Exercises 5 and beyond are for advanced users but after this course we expect all of you to be advanced users :-)

Exercise 1: Discover software applications installed on the cluster and how to use them

A) Graphical interface

Goal: get familiar with the organisation of software tools (genetics, proteomics, sequence analysis, UHTS etc.)

  • Use the link below to see which software applications are installed on the clusters:

 

  • Click on a few applications that you plan or would like to use and see how they need to be executed.
    (if you can't think of any, you can use: tophat, bowtie, samtools, blast, etc.)
  • Check/verify what modules you need to load in order to execute the applications

B) Command line

vit_soft

Try to find tools using the command ‘vit_soft’ (use options -s, -m, …)

Module

Goal: get basic experience with the command "module" to use software tools in your scripts.

  • If not already done, log into the front-end node using your UNIX userid and password.
  • In /software/, visit the different categories
  • there is a package called "tophat2" in the category "UHTS". How can you enable it?
  • Get familiar with the commands module commands use, add, list, avail, rm (see course slides)
Hints:
  • General directory structure/software/<category>/<package>/<version>
  • Use the web interface if necessary, e.g. to see available version or to see the command to load or unload a package
  • module files are installed in /software/module/<category>

 

Exercise 2: Basic Job Submission via LSF command line client (bsub)

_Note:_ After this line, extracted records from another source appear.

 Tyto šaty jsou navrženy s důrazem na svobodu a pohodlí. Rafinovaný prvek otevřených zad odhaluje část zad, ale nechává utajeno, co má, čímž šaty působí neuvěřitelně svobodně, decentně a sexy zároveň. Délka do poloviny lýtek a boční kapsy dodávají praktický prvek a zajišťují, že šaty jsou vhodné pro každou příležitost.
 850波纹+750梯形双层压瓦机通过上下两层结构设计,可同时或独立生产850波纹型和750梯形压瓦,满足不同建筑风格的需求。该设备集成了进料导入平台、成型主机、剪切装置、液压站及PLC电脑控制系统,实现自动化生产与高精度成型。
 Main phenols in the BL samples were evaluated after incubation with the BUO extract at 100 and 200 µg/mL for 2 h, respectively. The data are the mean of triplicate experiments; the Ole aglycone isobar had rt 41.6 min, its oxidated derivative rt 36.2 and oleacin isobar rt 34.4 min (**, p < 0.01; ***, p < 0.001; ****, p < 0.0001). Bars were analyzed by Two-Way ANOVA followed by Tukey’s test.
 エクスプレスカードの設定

A) Script displaying basic information

Goal: Submit a simple test job to get familiar with the bsub command line client and basic usage of the cluster.

Task:

  • From the /scratch/cluster/daily/<username>/examples-files folder, submit a simple test job to show date/time, hostname and list files in the directory $HOME.
    • you can edit the shell script simple.sh
    • (Optional) - select the priority queue for your job to get a quick response (note that we use the priority queue for testing small jobs only!)

Hints:

  • You can use the basic shell commands date and hostname. If you are not familiar with them, just type them on the command line. Next, write a very basic shell script - or modify the simple.sh script - and submit it using bsub.

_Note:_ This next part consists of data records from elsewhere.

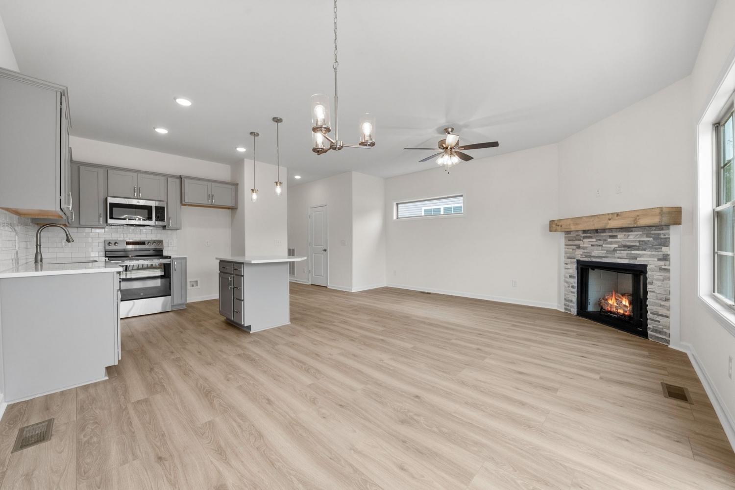 NO HOA! NEW Construction Wonderful Stylish Living Room with a Cozy Corner Fireplace Prewired for TV mount. The Open Concept flows into a Big kitchen and dining area. The kitchen is equipped with quartz countertops, Floating Shelves over Kitchen Sink. Quartz Countertop island with bar seating and additional cabinet space. Featuring stainless steel appliances. Backyard deck perfect for easy living and entertaining. 4 Bedrooms upstairs including Primary Suite is a Luxury, featuring a walk-in closet, private bath for ultimate comfort. Laundry closet upstairs for convenient living. 1 Car garage with remote garage door opener and concrete driveway. 4 Bedrooms 2.5 Baths Covered Front Porch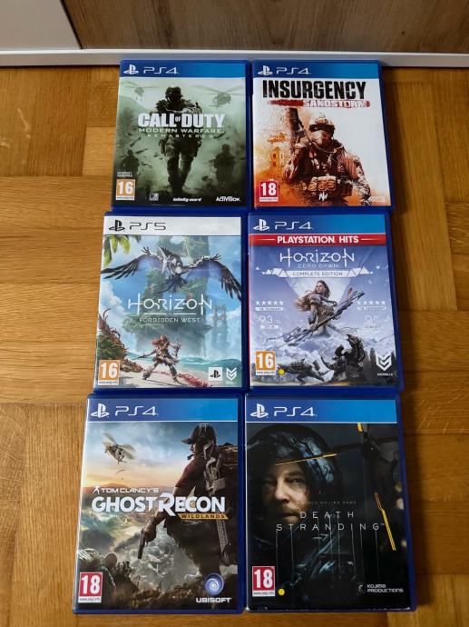 Prodajem kolekciju PlayStation 4 igara, ukupno šest naslova. U ponudi su Call of Duty: Modern Warfare Remastered, Insurgency: Sandstorm, Horizon Forbidden West (PS5 verzija), Horizon Zero Dawn Complete Edition (PlayStation Hits izdanje), Tom Clancy's Ghost Recon Wildlands i Death Stranding. Sve igre su za PlayStation 4, osim jedne Horizon igre koja je za PS5 . Cijena se odnosi na svaku posebno ako uzimate vise onda moze jeftinije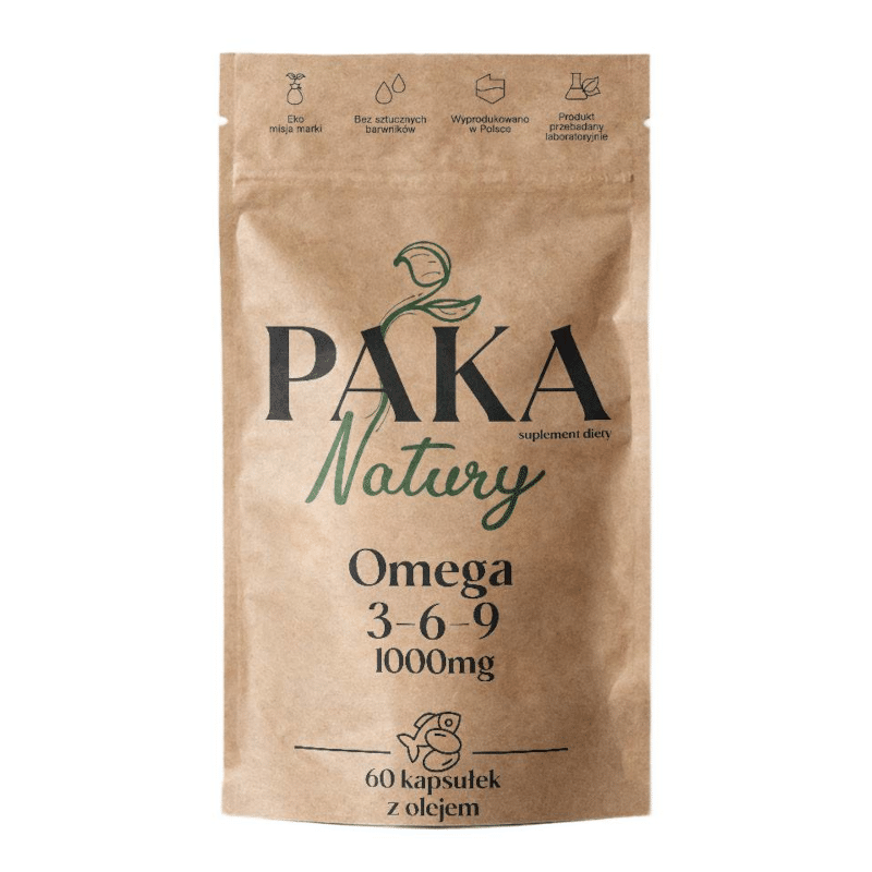 Suplement diety Omega 3-6-9 Paka Natury to kompleksowa formuła kwasów tłuszczowych niezbędnych dla prawidłowego funkcjonowania organizmu. Zawiera starannie dobrane proporcje kwasów omega-3, omega-6 i omega-9, pochodzących z wysokiej jakości oleju rybiego, oleju z nasion lnu oraz oleju słonecznikowego. Wzbogacony o naturalną witaminę E, ten suplement wspiera zdrowie serca, mózgu, układu odpornościowego i stan skóry – wszystko w formie wygodnych, miękkich kapsułek.

B) Script to execute a BLAST query


Goal: Get experience with the program BLAST (the executable is called blastall)

Task:

  • Go to /scratch/cluster/daily/<username>/exercise_blast/ folder, then check the content of the file blast.sh
  • If you think that the script is OK, execute it with the job submission system. If not, modify it and execute it afterwards.
       

Hints:

  • In the script blast.sh we use the database "swiss" (i.e. Swiss-Prot). There are many more databases and respective indices that can be used. If you want to see other existing databases, use: 

Exercise 3: Job Submission via LSF command line client and e-mail notification


Tasks:

  • From the /scratch/cluster/daily/<username>/ folder, submit a simple test job which sends an e-mail notification to your mailbox (create a shell script and potentially use the application from Exercise 2b).

Hint:

  • In case you need help with an application, try to use BLAST.
    Run BLAST against a few selected sequences from UniProt, e.g. use protein P12344 as input: http://www.uniprot.org/uniprot/P12344.fasta
    Save your selected sequences from UniProt in the /scratch/cluster/daily/<username>/exercise_blast/ folder.
  • In case you need help with bsub arguments, get familiar with the user manual (man pages):

    man bsub

Exercise 4: Check cluster and job status


Overall clusters status:


Questions:

  • What is average load on the cluster?
  • How many CPUs and how many hosts are available? What's the difference between CPU and host?

Queue status:


Questions:

  • How many jobs are currently running? (Hint: alternatively to the Web interface you can also use the following command: bjobs -u all)
  • How many jobs are pending?
  • On which queue are the most running jobs?

Exercise 5: Single analysis example

FastQC is a program that provides a simple way to do some quality control checks on raw sequence data coming from high throughput sequencing pipelines.

  • Look carefully at the file 'exercise_ga/fastqc.sh' 
  • run it on the cluster
  • Find _all_ the output files - including error file.
  • How much "CPU time" was used to complete the job?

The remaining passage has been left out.